The return to work

The impending end of lockdown has brought into focus two distinct camps: those that are racing to get back to their 7am spin classes followed by busy days in the office and those that just aren't.

The return to work

The impending end of lockdown has brought into focus two distinct camps: those that are racing to get back to their 7am spin classes followed by busy days in the office and those that just aren’t. While working from home has been far from a walk in the park (less Carrie Bradshaw tapping away at her laptop with a Cosmopolitan, more like an episode of The Walking Dead as you endure your 456th Zoom call that day), we can’t take for granted that all of us are desperate to get back to the office full time. 

In Human Element, a recent report published by PUSH, we commissioned YouGov to carry out a survey of 3,000 employees to dig deep into the impact of the pandemic on the world of work, and specifically on the people at the heart of it. We found that a significant 30% of us are anxious about returning to the office, increasing to 38% for under 35s. Of the people we interviewed, 36% believe that they will be expected back in the office 100% of the time, even though almost half of the group spoke of how this would be detrimental to their mental wellbeing. So why, after a year of dramatic change and uncertainty, are people feeling the pressure to alter their lives once again? For one thing this transitional period has spawned a new strain of presenteeism ‘ the fear that not showing our faces in the office will result in us kissing goodbye to any promotion or pay rise opportunities in the future. 
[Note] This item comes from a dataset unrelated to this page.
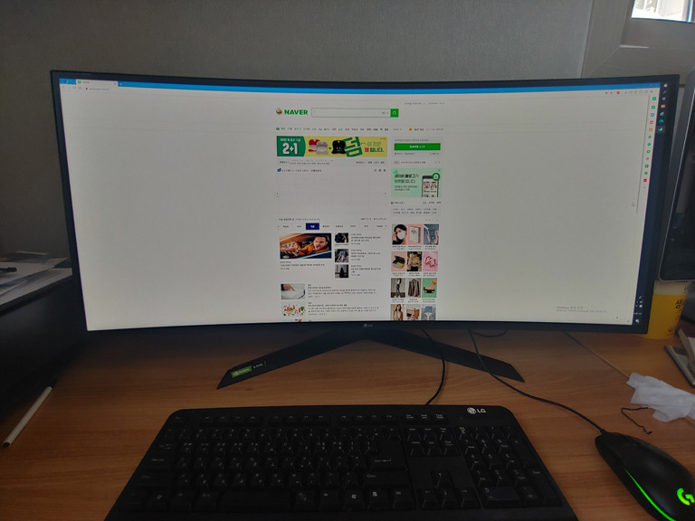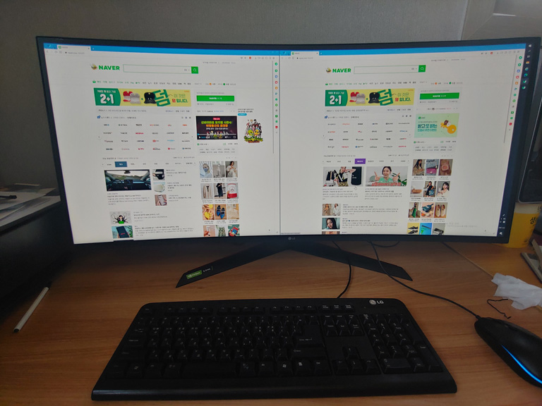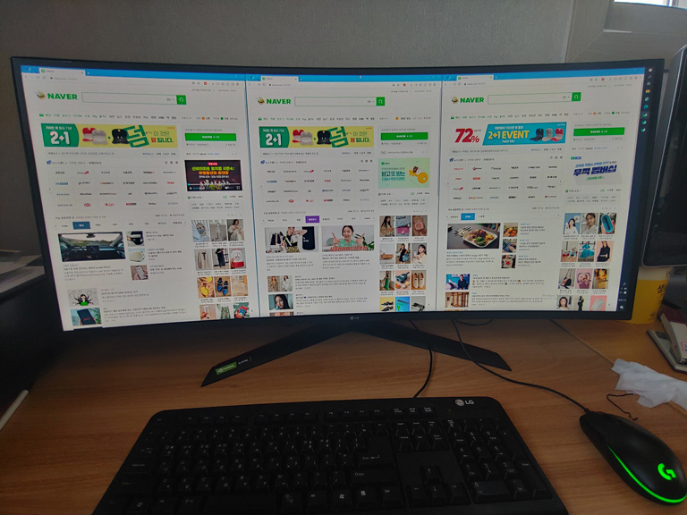 넓이 1200짜리 책상 위에 올려놓으니 모니터 한대만 올려놓으면 옆에 다른 걸 올릴 수가 없네요 ㅎㅎ 모니터가 정말 커서 웹 브라우저를 3개 띄워놓고 써도 될 정도입니다. 주식 창 띄워 놓으면 끝내주겠네요 ㅎㅎ

The solution is an efficient hybrid working solution with a robust level of trust at its core. Leaders must be able to trust that their employees work effectively from home, while workers should feel confident that they will be included as part of the team and won’t be overlooked for promotions. All this is within the control of our business leaders, whose priority at this crucial time has to be doubling down on communication across all areas. The first to tackle is the element of surprise; even those of us who love surprises would probably prefer not to have them in our working lives, so try to avoid dropping a ‘we’ll be back in the office tomorrow!’ bombshell via email. Include your employees in the conversations, share any updates as they’re made and give people plenty of time to process the new protocols. This will help instil a sense of psychological safety and a feeling of control over future events ‘ things that have been cruelly snatched from us since the pandemic hit. 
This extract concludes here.